Chico Anísio, Renato Aragão e Tom Cavalcante estão entre suas referências. Artistas que, segundo Regina, poderiam estar interpretando Shakespeare, mas que acabaram sendo “confinados no humor”, simplesmente por seus sotaques, gestos e jeito de ser. "Como se o fato de ser nordestino já empurrasse o artista para uma caricatura", diz. 

Regina afirma que ela mesma, apesar de carioca, sempre soube que não tinha o perfil de mocinha de novela. Desde o início da carreira, ainda no grupo de teatro Asdrúbal Trouxe o Trombone, já se questionava qual papel interpretaria, até que percebeu que já sabia tudo de mulheres como Lurdes, em decorrência de suas andanças pelo país. 

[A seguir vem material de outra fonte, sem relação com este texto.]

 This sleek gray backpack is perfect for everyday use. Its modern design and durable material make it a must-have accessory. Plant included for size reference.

“Eu conheço elas [essas mulheres] há muito tempo, tenho intimidade com o jeito delas de falar, de pegar o cabelo, da mexer as mãos. Se você reparar eu não sou nada desse jeito, nem tenho sotaque nordestino, por que eu sou carioca da gema. As pessoas as vezes acham que eu sou assim”, afirma Regina em meio a risos. 

E Lurdes de fato não tem nada de piada. É uma mãe determinada, que sai da cidade fictícia de Malaquitas, no Rio Grande do Norte, para procurar no Rio de Janeiro o filho Domênico, vendido pelo marido. Ao seu lado, estão seus quatro outros filhos: Magno (Juliano Cazarré), Ryan (Thiago Martins), Érica (Nanda Costa) e Camila (Jéssica Ellen). 

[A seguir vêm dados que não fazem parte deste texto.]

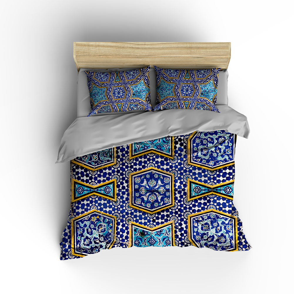 ست خواب طرح کاشی ایرانی با سایزبندی کامل کد VM3-43602

Apesar de ser uma novidade entre as “mocinhas” das novelas da Globo, Lurdes não é uma personagem nova na carreira de Regina. Não tem como vê-la sem recordar a Val, do filme “Que Horas Ela Volta?” (2015), ou Darlene, de “Eu, Tu, Eles” (2000). Regina afirma, inclusive, que pensou em como evitar essa semelhança. 

“Pensei em não botar sotaque, mas aí pensei que não, as pessoas têm que entender que todas do Nordeste têm esse sotaque e nem por isso são iguais. São pessoas completamente diferentes entre si. O sotaque da Lurdes é parecido com o da Val, com a dona Darlene, mas cada uma é um universo e uma pessoa completamente diferente.” 

A última novela que Regina havia participado foi “As Filhas da Mãe” (2001), com exceção de duas participações especiais em “Ciranda de Pedras” (2008) e “Cheia de Charmes” (2012). Mas isso não quer dizer que ela estava parada. Foram vários os filmes e programas, como Esquenta! e a minissérie “Som e Fúria”, ambos da Globo. 

Regina conta que recebia sim propostas para fazer novelas, mas sempre coincidia com projetos legais na periferia: “Eu botava na balança e pensava ‘se eu não for para periferia, viajar para Angola, Cidade do México, alguma outra atriz vai?’ Não. ‘Mas qualquer uma delas faria bem o papel na novela?’ Faria. Então eu vou pra lá.” 

E foram essas viagens que contribuíram para os principais personagens de Regina. “Eu fui guardando tudo em mim, no meu coração. Então é uma chance quando vem um filme, quando vem uma novela, onde eu posso trazer isso tudo que eu guardei, aí eu fico muito apaixonada, estou fazendo Lurdes com muita paixão”, afirma a atriz.